Colorado River drought deepens as Lake Powell nears critical level
Lake Powell was forecast to slip below its power threshold by August, a shift that could alter river releases, shoreline access and water operations for Parker and CRIT.

Lake Powell was heading toward a level that could force major changes in how the Colorado River is managed, and that matters directly in Parker and across the Colorado River Indian Tribes reservation. Federal forecasters said the reservoir could fall below 3,490 feet by August 2026 without major intervention, a point where Glen Canyon Dam releases would have to shift to the river outlet works only and hydropower generation would stop.
The warning came as the Bureau of Reclamation said Colorado River system storage had dropped to about 36 percent of capacity. Reclamation also said Lake Powell’s minimum probable water-year inflow was just 2.78 million acre-feet, about 29 percent of the historical average, after the lowest winter snowpack on record and a brutally hot spring pushed the system into a dangerous range.
To keep Lake Powell above critical elevations, Reclamation moved into drought-response operations under the 2019 Drought Response Operations Agreement. The agency said it planned to add as much as 2.48 million acre-feet to the reservoir through extra releases from Flaming Gorge Reservoir and reduced releases from Lake Powell, with drought-response releases from Flaming Gorge beginning April 23. Reclamation said the 2026 plan calls for sending between 660,000 acre-feet and 1 million acre-feet from Flaming Gorge through April 2027, while cutting annual releases from Lake Powell to Lake Mead from 7.48 million acre-feet to 6.0 million acre-feet through September 2026.
Those moves ripple far beyond reservoir maps. The Colorado River supplies water to more than 40 million people in seven states, and for La Paz County residents the river is part of daily life, not distant policy. The Colorado River Indian Tribes reservation stretches 45 miles by 12 miles and includes 114 linear miles of Colorado River shoreline, along with about 240 miles of irrigation canals and 152 miles of drains. Lower releases, changing water levels and power uncertainty can affect farms, homes, businesses and recreation from Parker to the reservation’s riverfront.

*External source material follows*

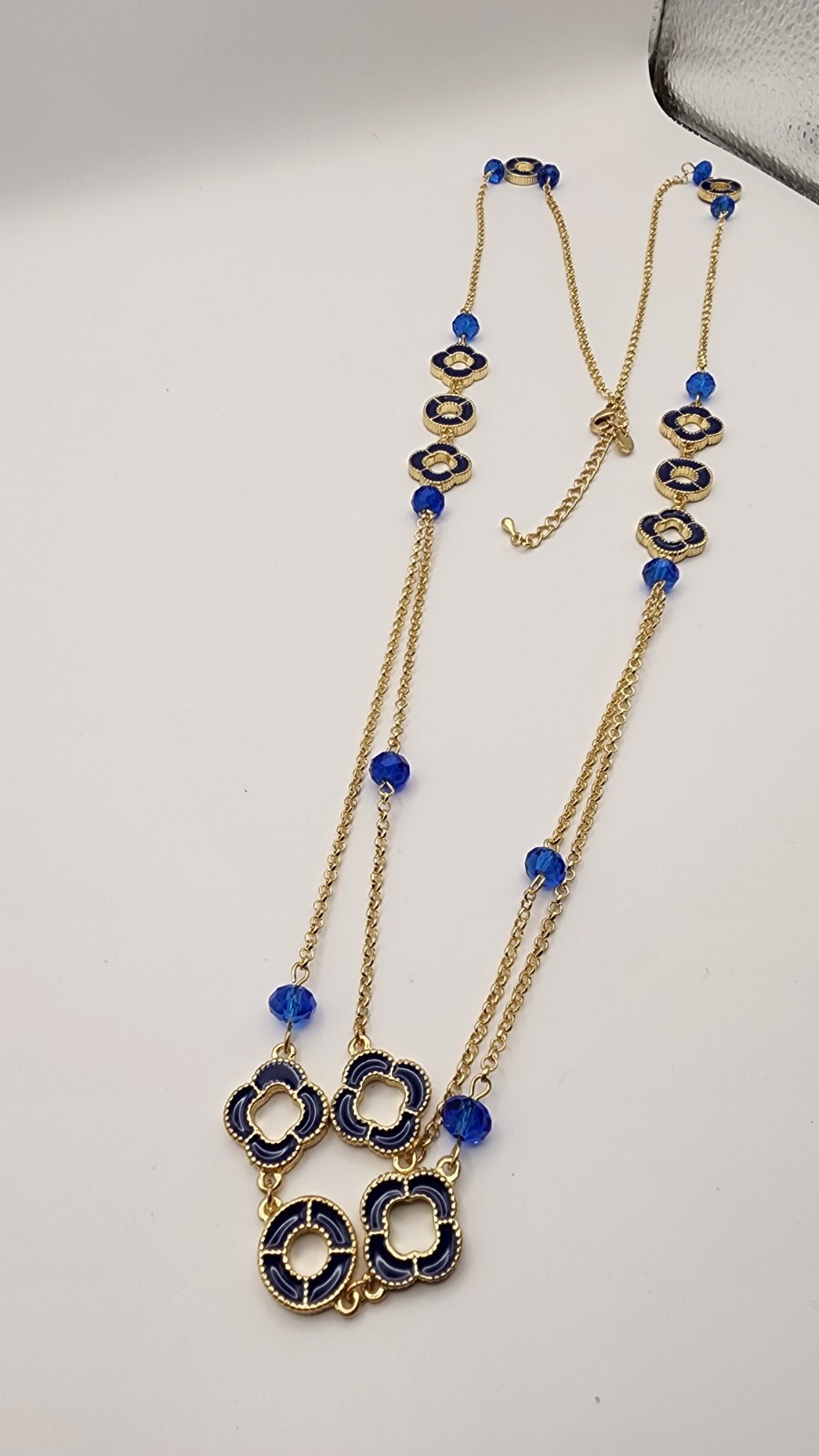Enhance your jewelry collection with this exquisite necklace from HSN. The necklace features a black open clover and open circle pendant with a gold tone chain. The pendant shape is round and the closure is a hook. The necklace is perfect for any occasion and can be worn to enhance your beauty and fashion statement. The necklace is made of enamel, metal chain, and beads, and the necklace length is 40 and 1/2 inches. The necklace is a part of the From HSN brand and is a great addition to your collection.

The system was already under strain in January, when Reclamation projected Lake Powell would start water year 2026 at 3,538.47 feet, only 48 feet above minimum power pool. By June 3, Flaming Gorge Reservoir was about 77 percent full, and releases beginning June 13 were averaging 1,600 cubic feet per second as part of the emergency effort. Reclamation said similar drought-response operations were used in 2021 and 2022, underscoring how often the basin has had to shift into crisis management.

For La Paz County, the next 30 to 60 days will hinge on how those releases hold up and whether Lake Powell can stay above the critical line. River users, irrigators and recreation interests in Parker and on the CRIT reservation are likely to see tighter attention on water levels, access points and operating schedules as federal managers try to keep the system stable through another punishing summer.